Holding The Shadow While Calling Back The Light is a timely exhibition of predominantly new works by artist Benjamin Sebastian (1980 AUS/UK) – consisting of digital collage and textiles, soft sculpture and installation, as well as performance art documentation & relics. Holding The Shadow While Calling Back The Light is Sebastian’s largest solo presentation in the UK to date and traces their development as a collage, assemblage, installation & performance artist, sculptor and craftsperson – while foregrounding their current engagement with decoloniality; unpacking their settler heritages, neurodiversity and nonbinary identity.
Holding The Shadow While Calling Back The Light is not intended to make sense, yet rather as a process of sense-making – where hybrid identities, iconoclastic gestures, patchwork (visual) languages and amorphously gendered entities diffuse settled narratives – opening up spaces of unknowing, encouraging moments of contemplation, critical reflection and visioning in relation to the interconnected complexities of our contemporary, social and political landscapes.

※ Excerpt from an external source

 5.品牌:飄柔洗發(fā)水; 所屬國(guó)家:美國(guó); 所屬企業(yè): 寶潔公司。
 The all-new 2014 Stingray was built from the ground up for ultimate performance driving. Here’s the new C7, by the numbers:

Can you tell us about the process of making your work?
My process is highly intuitive, underpinned as much by speculation as research, and very much studio & residency-led. I seek out and/or create suitable spaces that enable an immersion in the imaginaries of the yet-to-be objects, environments and actions I wish to construct. I experience the making of art as an act of (practical) magic. The parallels between artistic and occult practices are obvious to me, and I am fascinated by the potential of those practices in creating something from nothing – of drawing that which is yet to exist, into the physical/material world. I understand such parallels as explicit links between not only occult & artistic workings, yet also neurodivergent and queer(ed) experiences & actioning of life. All are processes of manifesting something-not-yet-here/known. Ultimately, I am engaged in a process of sense-making, attempting to better understand the systems and structures around me, in order to articulate and critique my position within them.

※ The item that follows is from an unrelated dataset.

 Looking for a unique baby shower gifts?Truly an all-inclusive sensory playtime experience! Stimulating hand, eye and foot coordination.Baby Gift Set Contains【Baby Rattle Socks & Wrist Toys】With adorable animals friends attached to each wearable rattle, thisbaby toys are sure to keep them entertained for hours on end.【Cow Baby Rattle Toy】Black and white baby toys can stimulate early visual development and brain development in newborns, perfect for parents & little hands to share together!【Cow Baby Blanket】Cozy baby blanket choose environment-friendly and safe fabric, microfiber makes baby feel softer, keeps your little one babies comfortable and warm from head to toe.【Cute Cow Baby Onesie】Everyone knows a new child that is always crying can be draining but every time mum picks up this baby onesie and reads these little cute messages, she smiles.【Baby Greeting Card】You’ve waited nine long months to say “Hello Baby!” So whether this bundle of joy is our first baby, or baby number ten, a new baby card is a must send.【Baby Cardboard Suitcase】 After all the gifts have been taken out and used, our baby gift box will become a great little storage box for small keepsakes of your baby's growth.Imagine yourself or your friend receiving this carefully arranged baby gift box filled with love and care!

How would you define your work in a few words (ideally in 3 words)?
Esoteric, Transdisciplinary and Assemblage.
Could you share with us some insights on your artwork ‘Taut’ (2024)? Is there any particular story behind this new work?
I created ‘Taut’ quite recently and specifically to include in an upcoming touring exhibition of my work (Benjamin Sebastian: Holding The Shadow While Calling Back The Light). It is one in a series of seven sewn assemblage works that incorporate printed digital collage, calico and reconstituted nylon (Australian) flag pieces. The digital collage includes two zoomorphic figures. Each (human) figure has the head of a crow (one Carrion; European and the other Torresian; Australian). They each hold one hand of the other while stepping apart, their bodies stretching in opposite directions across calico (organic) and nylon (synthetic) respectively. ‘Taut’ alludes to tension, hybridity and something of the mythic. I imagined this work – along with the other six in the series – as a commentary on the complexities of postcolonial narratives and subjectivities, specifically relating to the British colonisation of Australia. There is also a good dose of homo-eroticism in these works which I intended to gesture towards the interrelated power dynamics at play between both settler colonialism and state sanctioned, compulsory heterosexuality & normative gender expression, upon the bodies & spirits of queer people in a (post)colonial context.

Your upcoming touring exhibition ‘Benjamin Sebastian: Holding The Shadow While Calling Back The Light’ will launch at Herbert Read Gallery in Canterbury. What kind of artworks will you be showing there?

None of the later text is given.